The correlation coefficient refers to: pearson's correlation coefficient
Figure BDA0003652967710000041
Wherein: cov (X, Y) corresponds to the covariance of the two vectors, and σ corresponds to the standard deviation of the vector.
The invention relates to a system for realizing the method, which comprises the following steps: the system comprises a protein map generation module, a feature extraction network based on an attention mechanism, a map pooling network, a loss function module, a parameter updating module and a verification module, wherein: the protein graph generation module respectively extracts original node features and edge features from the sample protein bait structure data and constructs the extracted features into an original protein graph; the feature extraction network based on the attention mechanism obtains the high-dimensional features of the protein map through forward learning; the graph pooling network carries out simple calculation and average processing on the high-dimensional features to obtain global and local prediction scores respectively; sending the obtained fraction and the real fraction corresponding to the sample to a loss function module together for calculating loss; updating network parameters in a parameter updating module by utilizing a back propagation and gradient descent algorithm according to the loss; and repeatedly training and iterating until the verification module judges that the model achieves the expected effect.
Technical effects
The invention can achieve similar precision on the authoritative public data sets and obtain the optimal result on the high-precision subset under the condition of shorter running time than the current first-class evaluation algorithm.
Drawings
FIG. 1 is a flow chart of the present invention;
FIG. 2 is a schematic diagram of a graph neural network model training process constructed based on an attention mechanism and a graph pooling technique;
FIG. 3 is a schematic diagram of a neural network architecture implementing an attention-based mechanism.
Detailed Description
As shown in fig. 1, the present embodiment relates to a method for evaluating a protein structure model based on deep learning, which includes the following steps:
step 1) extracting Cartesian coordinate information of heavy atoms of each residue in a protein-like bait structure in a three-dimensional space, and then performing pretreatment through dual-relax of Rosetta software to relax the structure under double-space constraint.
Step 2) calculating the Euclidean distance between each heavy atom pair according to the coordinate information of each heavy atom, constructing an adjacency matrix according to the distance, and calculating the original node characteristics and the edge characteristics of each heavy atom, wherein the method specifically comprises the following steps:
step 2.1) A protein is given which comprises L residues, which are assumed to contain a total of N heavy atoms, wherein: the cartesian coordinate of the ith heavy atom in three-dimensional space is c i =(x i ,y i ,z i ) The coordinate of the jth heavy atom is c j =(x j ,y j ,z j ) Then the Euclidean distance between these two residues is d ij =||c i -c j And | l, in practical application, a vector representation of the distance is generated using gaussian base expansion. The mean value of which is from [0,15]]Uniformly, step size is 0.4. The distance matrix of the protein is
Figure BDA0003652967710000051
The atomic coordinates of the protein are set as
Figure BDA0003652967710000052
Step 2.2) based on the distance matrix obtained above
Figure BDA0003652967710000053
The adjacency matrix can be obtained by traversing and searching M adjacent atoms which are closest to each heavy atom in three-dimensional space
Figure BDA0003652967710000054
Wherein: (i, j) ∈ a ij In order to determine whether two heavy atoms are connected at an edge in a protein map, k is a hyper-parameter for normalization, and in practical application, k is 50.

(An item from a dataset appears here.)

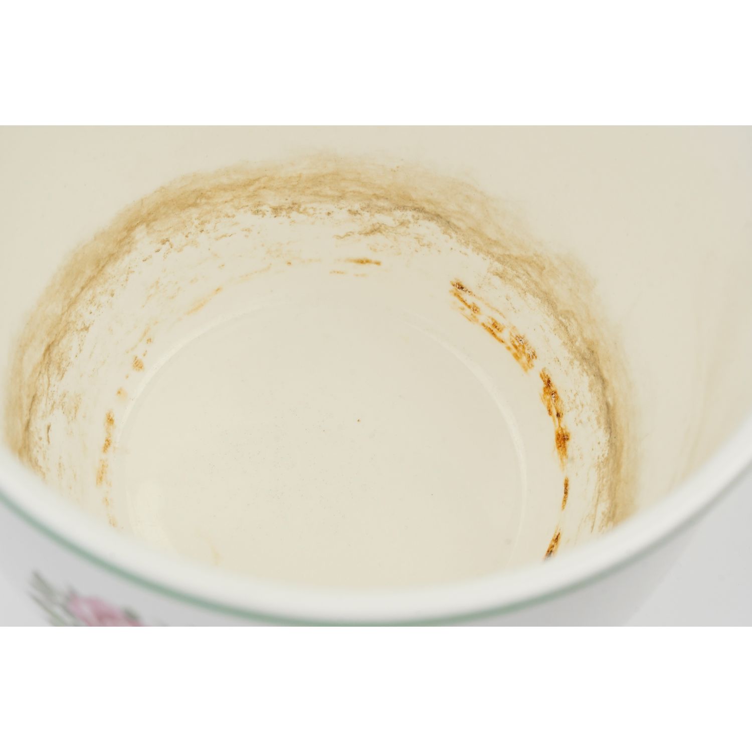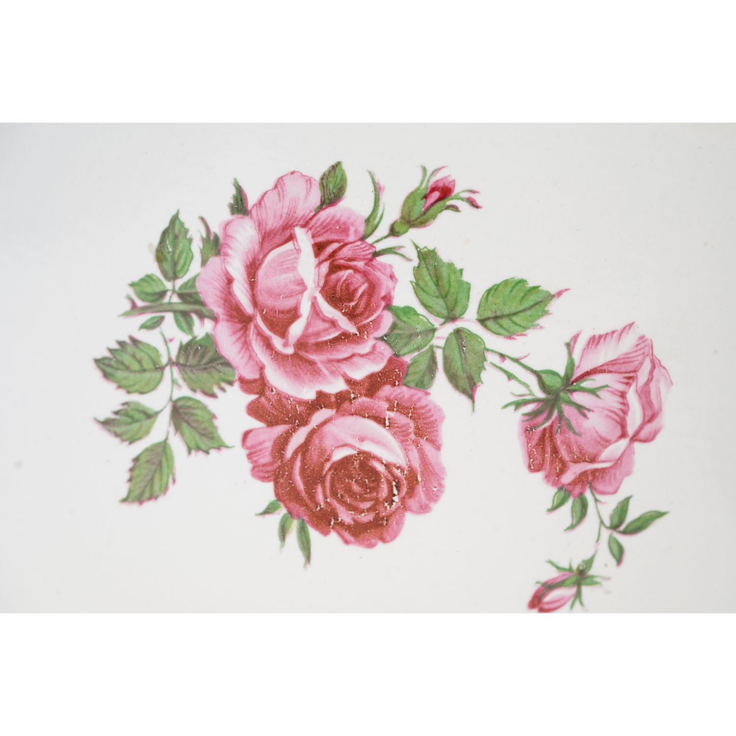 Sygnowana numerycznym wyciskiem w masie. Całość w odcieniu bieli z kanelowaniem w dolnej części. Na całej powierzchni róże. Kontury w zielonych obwódkach.

Step 2.3) obtaining the original node characteristics of each heavy atom according to the attributes of each heavy atom in the protein, and recording the collection of the original node characteristics as
Figure BDA0003652967710000055
v i The atomic species are identified independently as a 167-dimensional one-hot vector.

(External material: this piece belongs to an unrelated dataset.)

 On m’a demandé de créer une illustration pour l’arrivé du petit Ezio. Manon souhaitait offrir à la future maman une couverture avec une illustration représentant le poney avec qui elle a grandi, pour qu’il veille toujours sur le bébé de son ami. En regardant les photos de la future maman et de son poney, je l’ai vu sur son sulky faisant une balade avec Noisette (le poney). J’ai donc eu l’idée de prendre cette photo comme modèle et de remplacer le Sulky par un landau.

Step 2.4) based on the adjacency matrix
Figure BDA0003652967710000056
Distance matrix
Figure BDA0003652967710000057
The coordinate set C may compute other edge features than euclidean distance features, such as contact features and projection features, where: contact matrix
Figure BDA0003652967710000058
Hyperparameter d 0 =8,
Figure BDA0003652967710000059
Figure BDA00036529677100000510
Projection matrix
Figure BDA00036529677100000511
The ith heavy atom coordinate is known as c i =(x i ,y i ,z i ) Then its preorder and posteror heavy atom coordinates on the amino acid sequence are c i-1 =(x i+1 ,y i+1 ,z i+1 ) And c i+1 =(x i+1 ,y i+1 ,z i+1 ) Then, the local reference system can be calculated from the coordinates of the three heavy atoms according to the following formula:
Figure BDA00036529677100000512
Figure BDA00036529677100000513
the local coordinate system of the jth heavy atom can be obtained in the same way
Figure BDA00036529677100000514
And
Figure BDA00036529677100000515
then the vector p is projected ij Connecting vectors (c) for two heavy atoms j -c i ) And (4) splicing the projections in the two local coordinate systems respectively. There can be defined
Figure BDA00036529677100000516
Wherein: mu.s ij =[d ij ,b ij ,p ij ]For a total of 47-dimensional features.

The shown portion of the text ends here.